9 Responses to “Project Cassandra — Facebook’s open sourced quasi-DBMS”

  1. Log Buffer #107: A Carnival of the Vanities for DBAs on July 25th, 2008 12:05 pm

    […] in 1987 by Jim Grey. And finally, before we dive into the specific server news, here is a post on Facebook’s project to build a distributed database similar to Google’s […]

  2. Bookmarks about Google on October 23rd, 2008 12:15 pm

    […] http://www.bos89.nl/1324 – bookmarked by 1 members originally found by mmrvka on 2008-10-11 Project Cassandra — Facebook’s open sourced quasi-DBMS http://www.dbms2.com/2008/07/21/project-cassandra-facebook-open-sourced-quasi-dbms/ – bookmarked […]

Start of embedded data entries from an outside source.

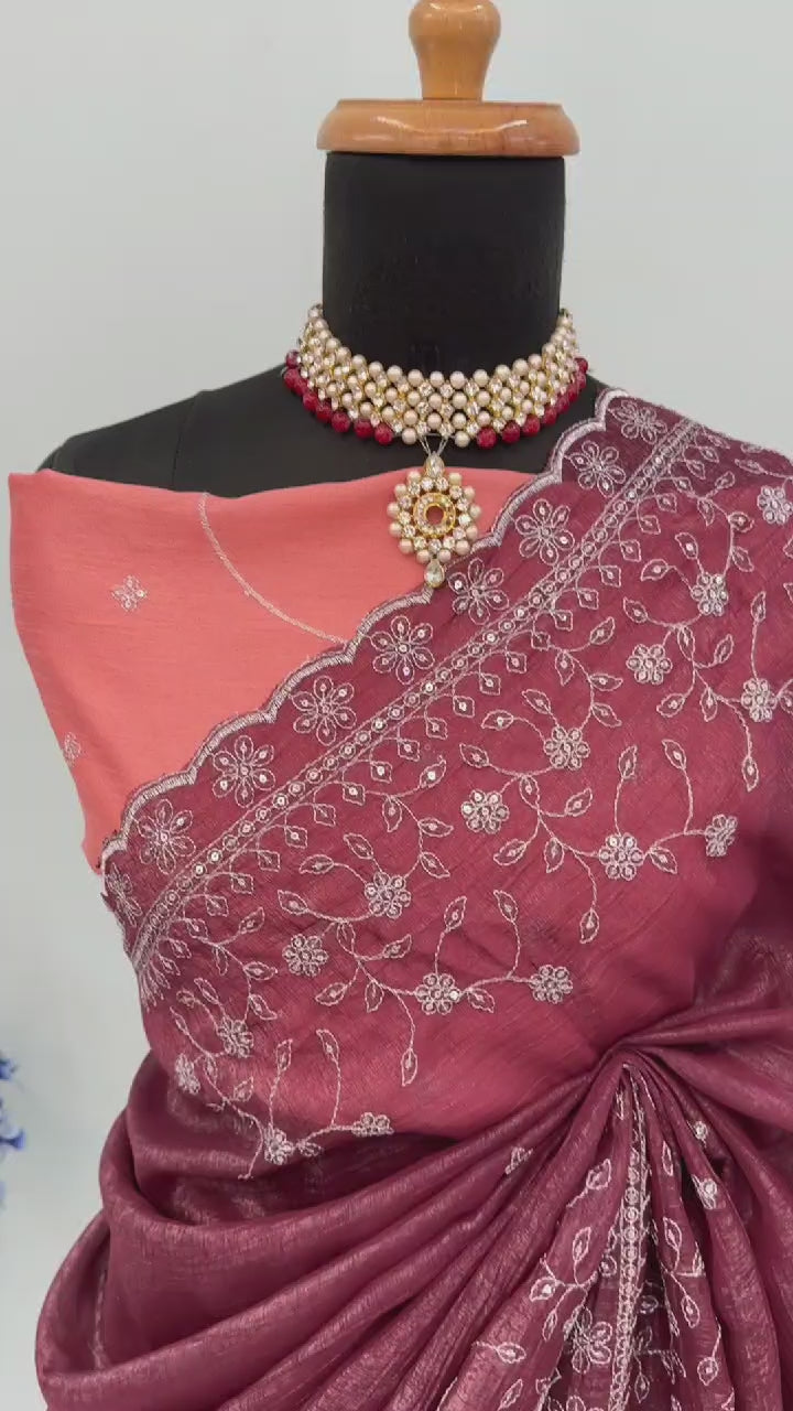 Dusty Maroon Silk Blend Crush Saree Adorned With Floral Thread Embroidery & Sequins
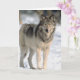 Um lobo magnífico, atravessando uma paisagem nevada.
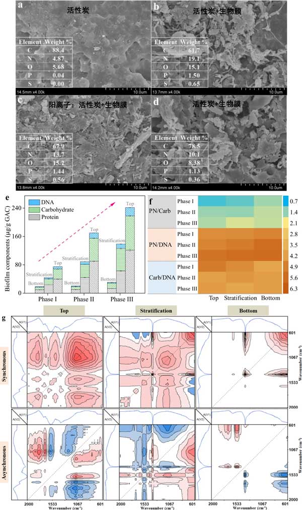 活性炭是生物膜生長的優(yōu)良載體,它可以快速從液相中吸收有機(jī)物和營養(yǎng)物質(zhì),用于生物膜中微生物的新陳代謝。圖1顯示了有和沒有生物膜的活性炭形態(tài)動力學(xué)、生物膜組分的濃度和反應(yīng)器不同位置的官能團(tuán);钚蕴恐械脑刂饕ㄌ(C,88.4%)、氮(N,4.87%)、氧(O,5.68%),以及少量的磷(P,0.04%),活性炭表面為比較順利。生物膜形成后,活性炭表面附著大量生物質(zhì),變得更加粗糙。由于生物膜中蛋白質(zhì)、碳水化合物和DNA的積累,包括N、O和P在內(nèi)的主要元素的比例顯著增加(圖1e)。值得注意的是,硫元素也被檢測到,這應(yīng)該有助于活性炭和生物膜對LAS(磺酸基團(tuán))的吸附。
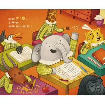 想想看,如果大象上學去,她將會學到什麼?學ABC嗎?才不呢!
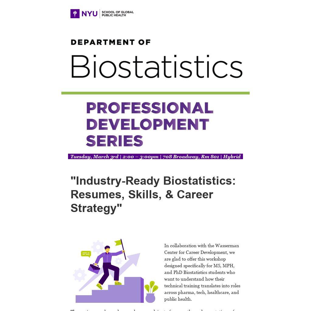 In collaboration with the Wasserman Center for Career Development, we are glad to offer this workshop designed specifically for MS, MPH, and PhD Biostatistics students who want to understand how their technical training translates into roles across pharma, tech, healthcare, and public health.
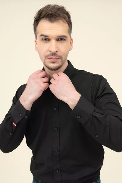 Férfi ing rugalmas anyagból. Slim fit- szűkített fazon. Hímzéssel és szövött címkével díszítve.
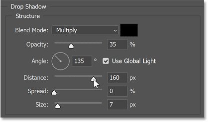 В параметрах Drop Shadow я установлю Angle на 135 градусов и Distance на 160 пикселей, что должно облегчить видимость тени. Остальные настройки по умолчанию.
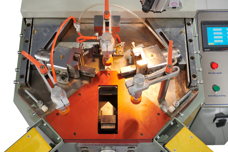 - Máy sử dụng 3 pittong kẹp giữ phôi và hệ thống ép thủy lực để liên kết góc của cửa nhôm chắc chắn và khít hơn.

  3. NoSQL: Die schlanke Zukunft dicker Datenbanken | silicon.de on February 15th, 2010 1:06 pm

    […] Open-Source-Projekte haben sich bereits um dieses Thema herum gebildet: Cassandra von Facebook, Apache HBase, CouchDB, Hadoop, Memcached, Tokyo Cabinet, MongoDB und LinkedIn hostet […]

  4. More on NoSQL and HVSP (or OLRP) | DBMS 2 : DataBase Management System Services on August 26th, 2010 5:14 am

    […] however, it’s true that Cassandra inventor Facebook has stopped working on Cassandra, and Facebook’s core Cassandra developers have shifted over […]

  5. Kommen NoSQL-Datenbanken 2011 im Mittelstand an? - Seite 1 von 1 - Technologien | IT-Business | ZDNet.de on March 14th, 2011 9:06 am

    […] […]

  6. DataStax pivots back to its original strategy | DBMS 2 : DataBase Management System Services on September 22nd, 2011 6:23 pm

    […] Cassandra was originally developed and revealed at Facebook, to much early NoSQL fanfare. Facebook later backed away from Cassandra use. […]

  7. DataStax/Cassandra update | DBMS 2 : DataBase Management System Services on December 8th, 2013 1:06 pm

    […] revolve around geo-distribution. Netflix, probably the flagship Cassandra user — since Cassandra inventor Facebook adopted HBase instead — actually hasn’t been using the geo-distribution feature. […]

  8. how can i get my ex boyfriend back if he has a girlfriend on December 9th, 2013 11:18 am

    Terrific article! That is the kind of information that should be shared
    around the internet. Shame on the search engines for now not positioning this submit higher!
    Come on over and discuss with my site . Thanks =)

  9. Sbobet on May 17th, 2014 4:21 am

    Learn how to explode your players’ skills and make training more fun in record time.
    They develop a sense of controlling and maneuvering the ball amidst an opposition attack.

    This is because they lacked the mental edge or ‘killer instinct’
    to produce when it mattered. The tournament is held every four years, with the Olympics in between.

    Here is my blog; Sbobet

Leave a Reply




Feed: DBMS (database management system), DW (data warehousing), BI (business intelligence), and analytics technology Subscribe to the Monash Research feed via RSS or email:

Login

Search our blogs and white papers

Monash Research blogs

User consulting

Building a short list? Refining your strategic plan? We can help.

Vendor advisory

We tell vendors what's happening -- and, more important, what they should do about it.

Monash Research highlights

Learn about white papers, webcasts, and blog highlights, by RSS or email.